Why Juniors Should Still Write Code by Hand in the AI Era — A Practical Guide to Avoid the 17-Point Understanding Gap
This article was generated by AI. The accuracy of the content is not guaranteed, and we accept no responsibility for any damages resulting from use of this article. By continuing to read, you agree to the Terms of Use.
- Target audience: Junior software engineers (0-5 years experience) prioritizing long-term skill formation
- Prerequisites: Basic experience with GitHub Copilot, Cursor, Claude Code, etc.
- Reading time: 13 minutes
Overview
In a world where AI can spit out working code in seconds, is writing code by hand just a waste of time? From a pure productivity standpoint, the usual answer is “juniors should use AI the most”1. The joint MIT/Microsoft RCT reported a +27-39% productivity gain for less-experienced developers1. Looking only at short-term output, hand-coding really does look inefficient.
But in January 2026, Anthropic published an RCT (n=52, mostly juniors) that painted the opposite picture2. When learning a new Python library, the AI-assisted group scored 50% on quiz comprehension versus 67% for the hand-coding group — a 17-point gap. The difference was largest on debugging, and the productivity gain was not statistically significant. Cohen’s d = 0.738, p = 0.01 — what psychology classifies as a “large effect” shows up here as a comprehension deficit in the AI group.
On top of that, Prather et al. at ICER 2024 observed 21 students and documented three novel metacognitive difficulties under AI assistance: an “illusion of competence” along with patterns they call Interruption, Mislead, and false sense of Progression3. Students could produce working code, but couldn’t explain why it worked.
This article, taking the position that long-term skill formation is the top priority, lays out a practical framework for keeping hand-coding at the center and treating AI as limited assistance. Read alongside its counterpart productivity-focused guide and the overall tradeoff breakdown to clarify your own priorities.
What the data says about “learning degradation under AI assistance”
The shock of the Anthropic 2026 RCT
Shen & Tamkin (Anthropic, published January 29, 2026) studied 52 software engineers implementing features in Python’s async library Trio, randomly assigning them to AI-assisted and hand-coding groups2. Participants were Python users with at least one year of weekly usage who were unfamiliar with Trio — the design mimics the real-world situation of “learning a new library on the job.”
The results were clear.
| Metric | AI group | Hand-coding group | Difference |
|---|---|---|---|
| Quiz score (comprehension) | 50% | 67% | −17 points |
| Productivity (completion time) | ~2 min faster | — | Not significant |
| Debugging ability | Largest gap | — | — |
An effect size of Cohen’s d = 0.738 falls under “large” in educational psychology.
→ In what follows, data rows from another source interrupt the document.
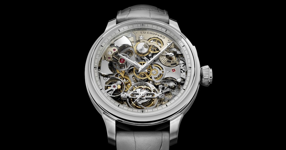 Yes, there is an exhibition caseback on this watch, but one look at the dial (or lack thereof) and you’ll understand the complexity of the new manually-wound 686-component caliber L.U.C 08.03-L. The depth of the front is something to behold, with the warmth of bridges and plates in German silver showing through. While it might seem overwhelming at times — admittedly, legibility doesn’t seem to be a priority with this endeavour — the architecture of the movement still ensures that all the necessary information is displayed. Below twelve o’clock, the aperture of a small disc reveals the current sonnerie mode (via “P” for petite, “G” for grande, and “S” for silent), while to its right sit the power reserve indicators. There are two, for each of the caliber’s mainspring barrels — one for the timekeeping functions and one for the chiming complications. The movement is rated to 70 hours of runtime, while the grande sonnerie mode is rated to a minimum of 12 hours. On the indicators, a handstack with two polished and faceted hands shows the level of each barrel and if it’s time for you to wind the watch.
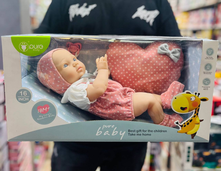این عروسک یک نینی تماما سیلیکونی از برند وارداتی pure baby با قدی حدود 40 سانت بوده که قابلیت حمام بردن نیز دارد. هم چنین این عروسک دارای جعبه ای زیبا و شکیل مناسب هدیه به عزیزان شماست.
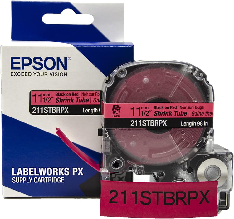 Epson 1/2" Black on Red Shrink Tube - 211STBRPX
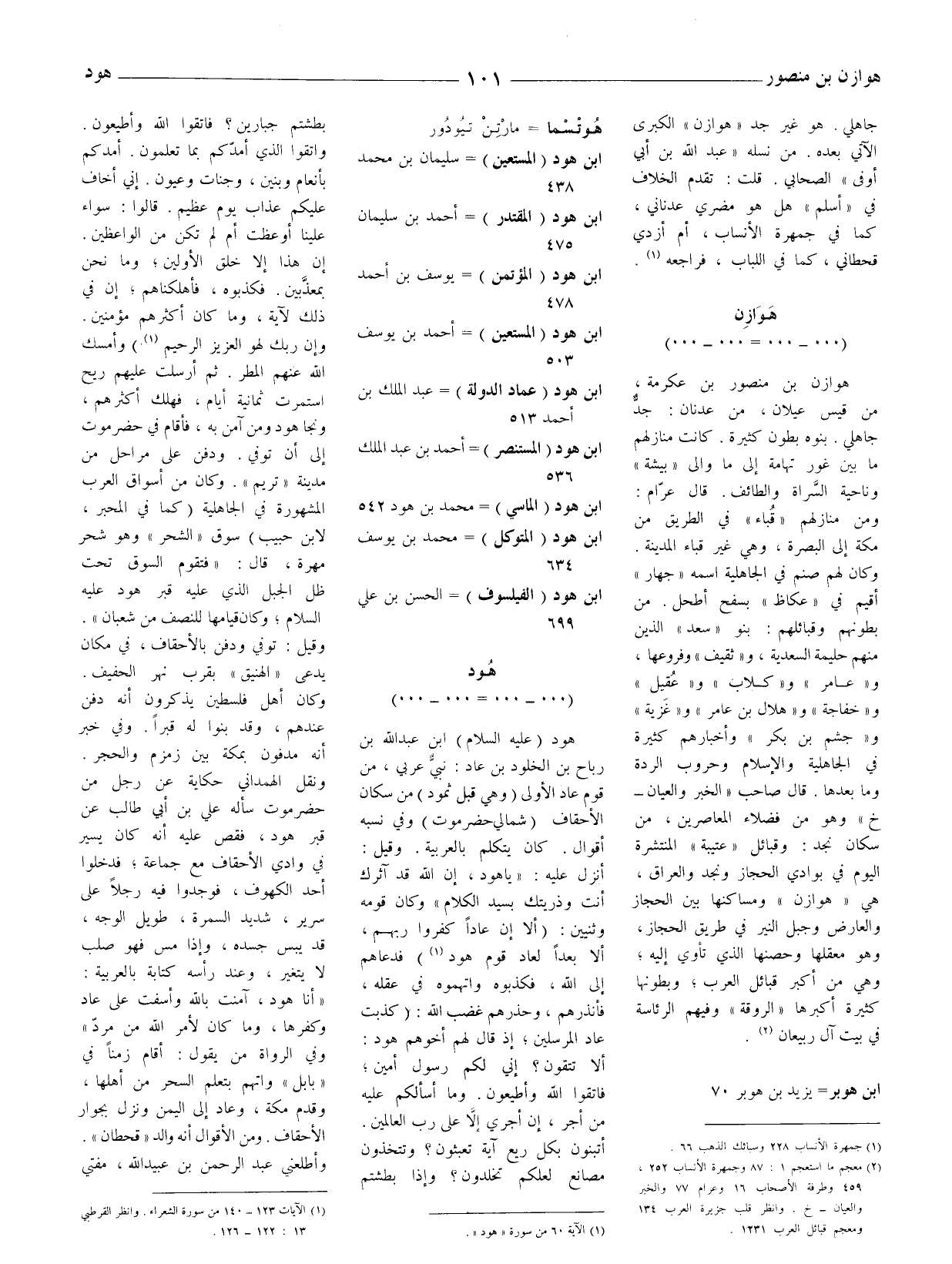 بَطَشْتُمْ جَبَّارِينَ؟ فَاتَّقُوا الله وَأَطِيعُونِ. وَاتَّقُوا الَّذِي أَمَدَّكُمْ بِما تَعْلَمُونَ. أَمَدَّكُمْ بِأَنْعامٍ " وَبَنِينَ، وَجَنَّاتٍ وَعُيُونٍ. إِنِّي أَخافُ عَلَيْكُمْ عَذابَ يَوْمٍ عَظِيمٍ. قالُوا: سَواءٌ عَلَيْنا أَوَعَظْتَ أَمْ لَمْ تَكُنْ من الْواعِظِينَ. إِنْ هذا إِلَّا خُلُقُ الْأَوَّلِينَ، وَما نَحْنُ بِمُعَذَّبِينَ. فَكَذَّبُوهُ، فَأَهْلَكْناهُمْ، إِنَّ في ذلِكَ لَآيَةً، وَما كانَ أَكْثَرُهُمْ مُؤْمِنِينَ. وَإِنَّ رَبَّكَ لَهُوَ الْعَزِيزُ الرَّحِيمُ (1) وأمسك الله عنهم المطر. ثم أرسلت عليهم ريح استمرت ثمانية أيام، فهلك أكثرهم، ونجا هود ومن آمن به، فأقام في حضرموت إلى أن توفي. ودفن على مراحل من مدينة " تريم ". وكان من أسواق العرب المشهورة في الجاهلية (كما في المحبر، لابن حبيب) سوق " الشحر " وهو شحر مهرة، قال: " فتقوم السوق تحت ظل الجبل الّذي عليه قبر هود عليه السلام، وكان قيامها للنصف من شعبان ". وقيل: توفي ودفن بالأحقاف، في مكان يدعى " الهنيق " بقرب نهر الحفيف. وكان أهل فلسطين يذكرون أنه دفن عندهم، وقد بنوا له قبرا. وفي خبر أنه مدفون بمكة بين زمزم والحجر. ونقل الهمدانيّ حكاية عن رجل من حضرموت سأله علي بن أبي طالب عن قبر هود، فقص عليه أنه كان يسير في وادي الأحقاف مع جماعة، فدخلوا أحد الكهوف، فوجدوا فيه رجلا على سرير، شديد السمرة، طويل الوجه، قد يبس جسده، وإذا مس فهو صلب لا يتغير، وعند رأسه كتابة بالعربية: " أنا هود، آمنت باللَّه وأسفت على عاد وكفرها، وما كان لأمر الله من مردّ " وفي الرواة من يقول: أقام زمنا في " بابل " واتهم بتعلم السحر من أهلها، وقدم مكة، وعاد إلى اليمن ونزل بجوار الأحقاف. ومن الأقوال أنه والد " قحطان ". وأطلعني عبد الرحمن بن عبيد الله، مفتي

Anthropic themselves describe it as “nearly two grade bands of difference.” And the productivity gain wasn’t statistically significant — meaning this isn’t even the familiar “trade skills for speed” tradeoff. That is the harshest implication of the RCT.
“How you use it” is what splits the outcomes
The most actionable finding from the Anthropic study isn’t the averages — it’s the cluster analysis2. When they categorized AI usage patterns within the high-scoring group (65%+) and low-scoring group (under 40%), a sharp pattern emerged.
flowchart TB
A["AI usage pattern"] --> B["High scorers 65%+<br>Conceptual inquiry n=7"]
A --> C["Low scorers under 40%<br>Code delegation n=7"]
B --> D["Debug errors themselves"]
C --> E["Paste AI output as-is"]
classDef good stroke:#2ea44f,stroke-width:3px
classDef bad stroke:#cf222e,stroke-width:3px
class B,D good
class C,E bad
The top scorers never asked AI to write code — they used it only for conceptual questions. When errors came up, they debugged by themselves, treating the AI as “a textbook you can query in natural language.” The lowest scorers, by contrast, kept asking AI to “fix it” and pasted the returned code directly into their work.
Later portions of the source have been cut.